Irving Babbitt remarks, that there is a something in man's nature "that sets him apart simply as man, from other animals, and that something Cicero defines as a 'sense of order and decorum and measure in deeds and words'." Babbitt adds (and this is the point to note) that "the world would have been a better place if more persons had made sure they were human before setting out to be superhuman."
- Babbitt, Irving, Humanism: An Essay at Definition.

There is, perhaps, an intermediate stage wherein we function as men, sustain our human relations, and discharge our just obligations, thus fulfiling our temporary destiny. The question arises here as to whether such a stage is even yet generally possible when we remember that there are millions of illiterate persons on our planet at this time!

But, along with this tendency toward pure humanity and the drift away from the standardization of the human unit, there emerges a group to whom we give the name of mystics. They testify to another world of experience and contacts. They bear witness [14] to a personal realization and to a phenomenal manifestation and satisfaction of which the average man knows nothing.

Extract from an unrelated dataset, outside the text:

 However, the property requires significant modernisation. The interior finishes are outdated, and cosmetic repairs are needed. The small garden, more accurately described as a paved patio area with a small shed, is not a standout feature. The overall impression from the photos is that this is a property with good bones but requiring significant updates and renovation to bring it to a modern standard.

As Dr. Bennett says "the mystics themselves have described their attainment as a seeing into the meaning of the universe, a seeing of how all things belong together. They have found the clue."
- Bennett, Charles A., A Philosophical Study of Mysticism, page 81.

Down the ages they have come forth and said in unison: there is another kingdom in nature. This kingdom has its own laws, its own phenomena and its own intimate relationships. It is the kingdom of the spirit. We have found it and you too can ascertain its nature. These witnesses fall into two groups; the purely mystical and emotional quester who sees the vision and falls down in an illuminated rapture before the beauty that he has sensed, and secondly, the knowers, who have added to the emotional rapture an intellectual achievement (an orientation of the mind) which enables them to do more than sense and enjoy. They understand; they know, and have become identified with that new world of being towards which the pure mystic reaches. The line of demarcation between these knowers of divine things and those who sense the vision is very slight.

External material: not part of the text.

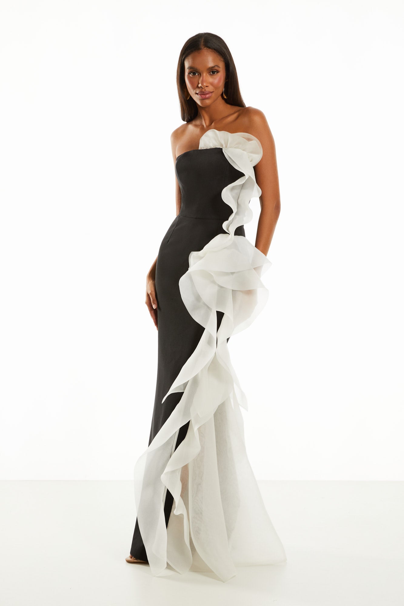 Vestido longo preto acinturado confeccionado em tecido de crepe estruturado detalhado em babado de organza de seda pura off white. Possui modelagem tomara que caia, decote reto e fechamento posterior por zíper.

There is, however, a no-man's ground between the two groups on which a great transition takes place. There is an interlude in experience and in development which changes the visionary mystic into the practical knower. There is a process and a technique to which the mystic can subject himself which coordinates him and develops in him a new and subtle [15] apparatus, by means of which he no longer sees the vision of divine reality but knows himself to be that reality itself. It is with this transitional process and with this work of educating the mystic, that the meditation technique has to do. It is this with which we deal in this book.

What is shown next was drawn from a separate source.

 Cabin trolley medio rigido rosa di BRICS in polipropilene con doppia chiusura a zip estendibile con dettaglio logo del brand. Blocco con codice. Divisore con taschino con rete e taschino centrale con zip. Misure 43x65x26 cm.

The problem of leading man into his heritage as a human being is the function of the educators and of the psychologists. They must lead him up to the door of the mystical world. Paradoxical as it may sound, the work of leading him into his spiritual heritage is the work of religion and of science.

Dr. Pupin tells us that "science and religion supplement each other, they are the two pillars of the portal through which the human soul enters into the world where divinity resides."
- Pupin, Michael, The New Reformation, page 217.